In questo periodo l’originaria comunità ebraica composta da ebrei provenienti da Germani e Francia, iniziò a essere sostituita da un’immigrazione sempre più organizzata, formata da immigrati provenienti dall’Europa Orientale. Il loro arrivò contribuì a cambiare la composizione sociale della comunità ebraica argentina, nella quale iniziarono a predominare gli artigiani, gli operai e i venditori ambulanti.

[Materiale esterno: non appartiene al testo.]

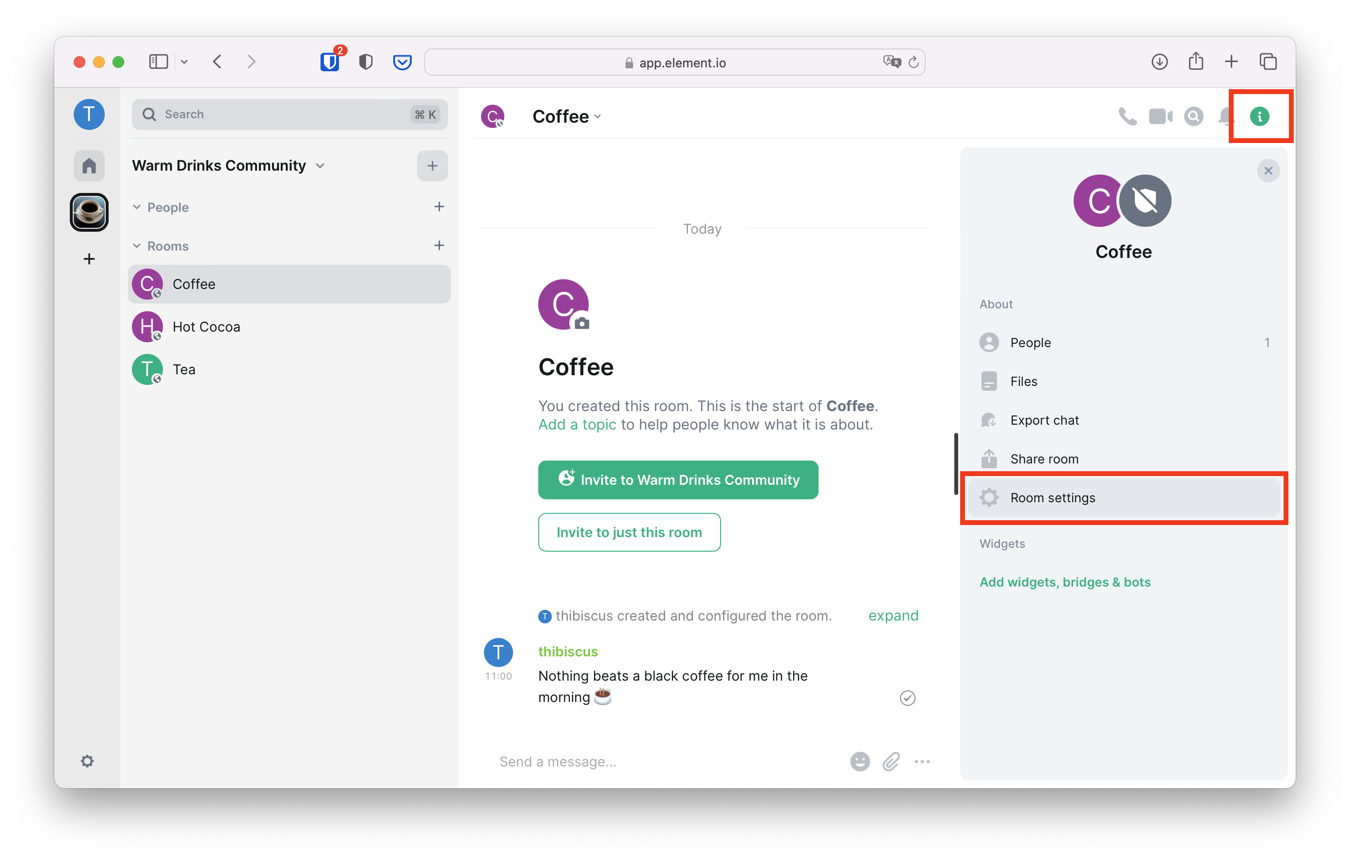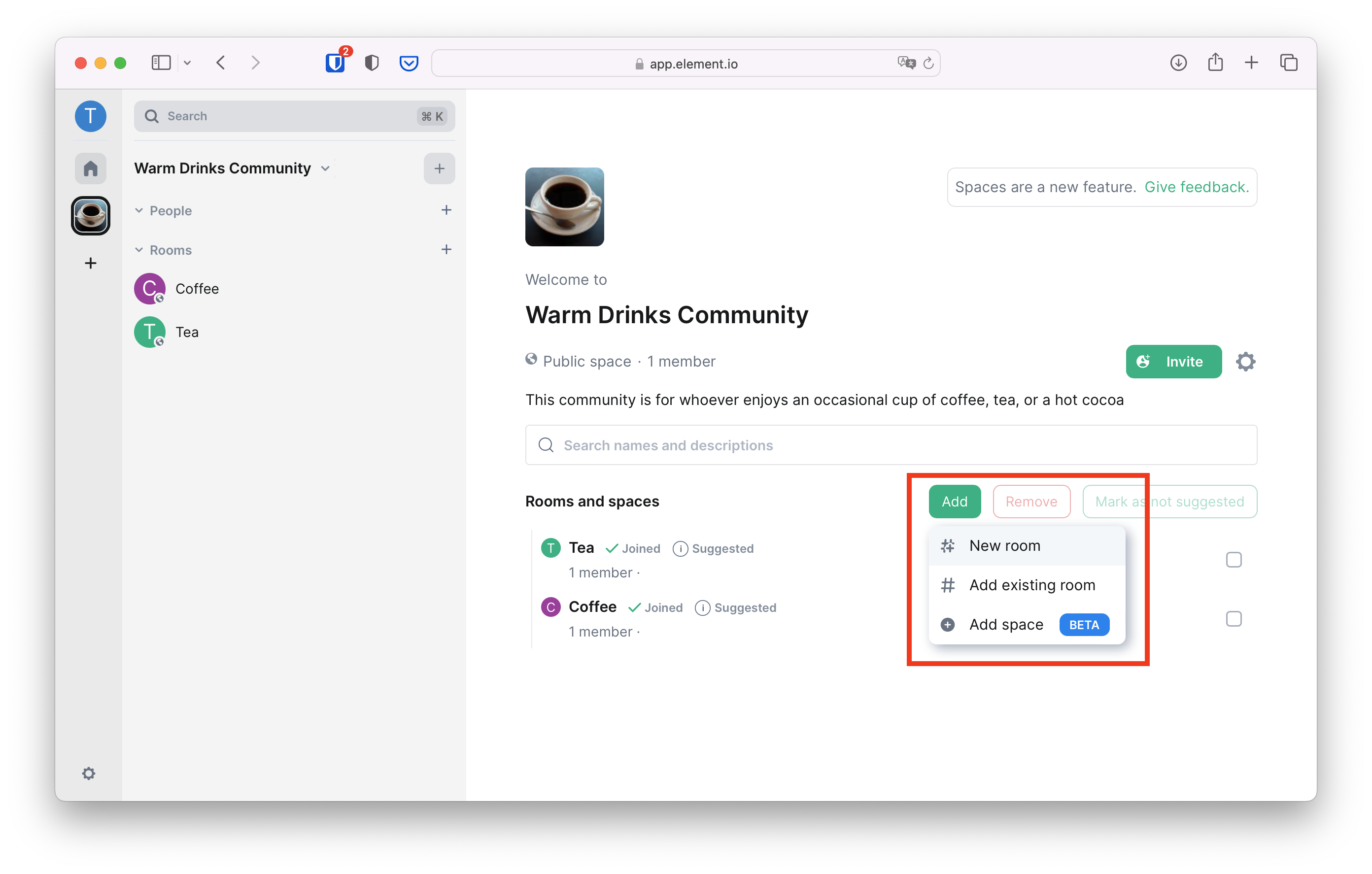 You can play around in the rooms, but look! We forgot to create a room for people who enjoy hot cocoas! Click on the Space avatar in the left bar to go to the Space's index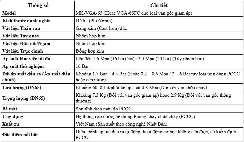 Thông Số Chi Tiết Của Van Giảm Áp Gang DN65 Tomoken MK-VGA-65
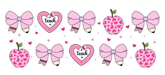 Delicate pink bows adorned with hearts, perfect for a romantic touch.UV Transfers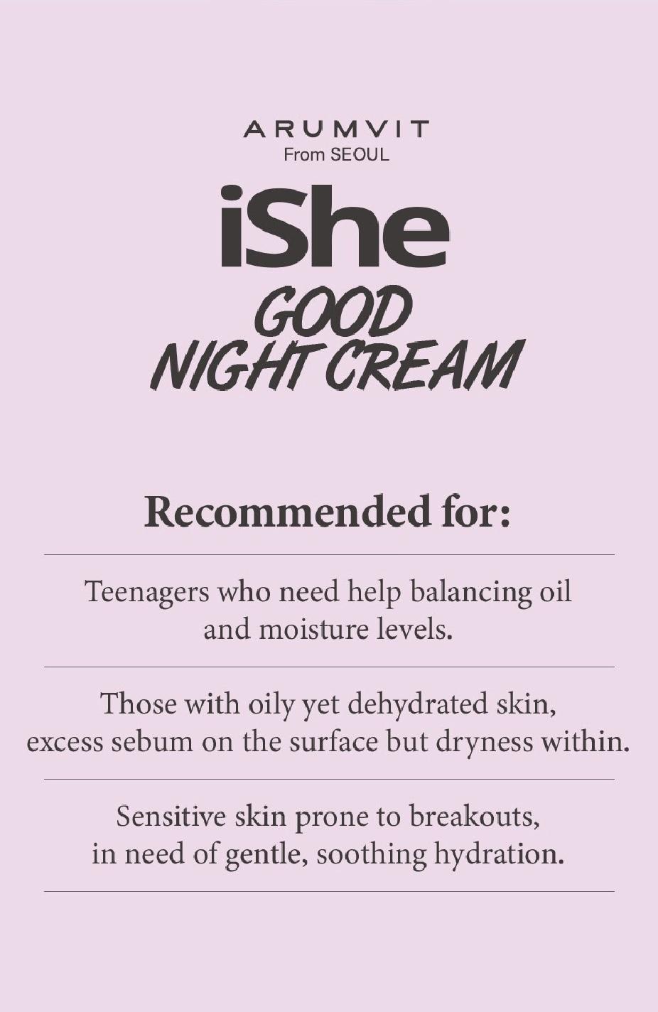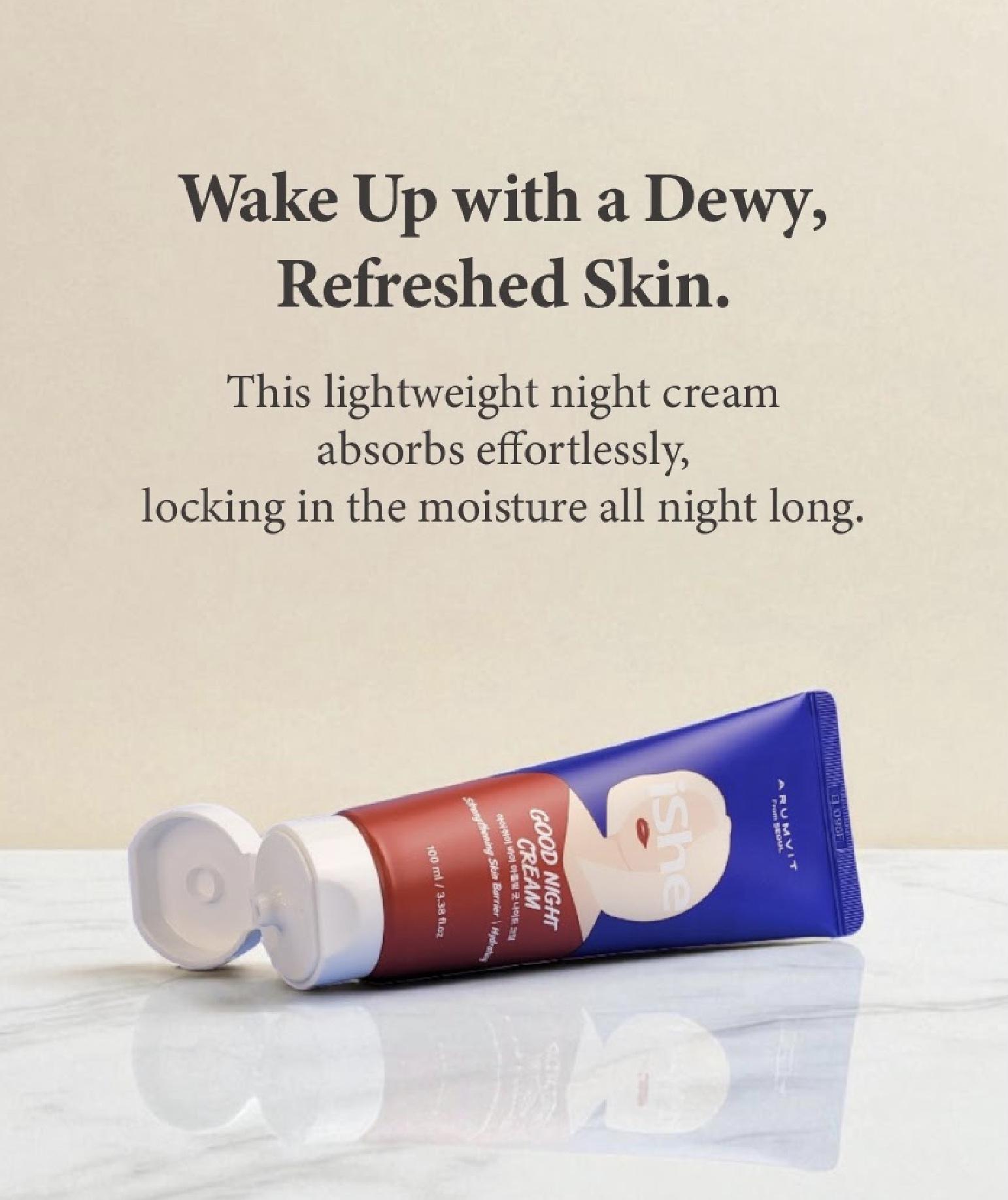 iShe Good Night Facial Cream - Hydrating Skin Barrier Strengthening Cream for Night Use 100mL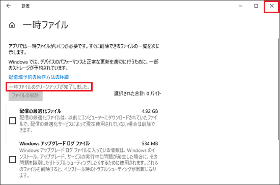 - 「一時ファイルのクリーンアップが完了しました」と表示されたら、削除は完了です。

6 A. Genis, Psicología del judío, Montevideo, Comunidad del Sur, 1968, p. 122. 7 R. Feierstein, op.cit.

Sebbene gli ebrei fossero protetti dalle leggi argentine, che garantivano loro libertà di culto e uguaglianza davanti la legge, i pregiudizi antiebraici erano ben visibili, soprattutto nei settori dirigenziali.

Con la crisi del liberalismo nel 1929 e il colpo di stai nel 1930, in Argentina si ritornò al modello economico e politico proposto dai proprietari terrieri, vincolato alle esportazioni di materie prime. La fine delle politiche liberali portò inoltre a una chiusura dell’economia, con l’adozione di politiche protezionistiche che riducevano fortemente l’ingresso di prodotti importati.

Nel 1930 il presidente Uriburu inoltre firmò un decreto che imponeva severe limitazioni all’immigrazione, esigeva il pagamento di una tassa per ottenere il visto d’ingresso e il possesso dei certificati di buona salute, buona condotta e non accattonaggio. Nel 1932 si impedì totalmente l’ingresso di immigrati, salvo per i parenti di europei già insediati stabilmente nel paese e i lavoratori in possesso di un regolare contratto.

Fu proprio a seguito di tali restrizioni che la comunità ebraica sviluppò le sue istituzioni centrali, sia politiche sia ricreative ed educative.

Nel 1933, con l’arrivo di Hitler al potere, venne creato a Buenos Aires il Comitato contro le persecuzioni degli ebrei in Germania, che cambiò nome l’anno successivo diventando il Comitato contro l’antisemitismo. Il suo obiettivo era quello di divulgare informazioni sul nazismo e sulle pratiche repressive che adottava. Inoltre si fece promotore del boicottaggio dei prodotti tedeschi e organizzò delle raccolte fondi per aiutare i perseguitati.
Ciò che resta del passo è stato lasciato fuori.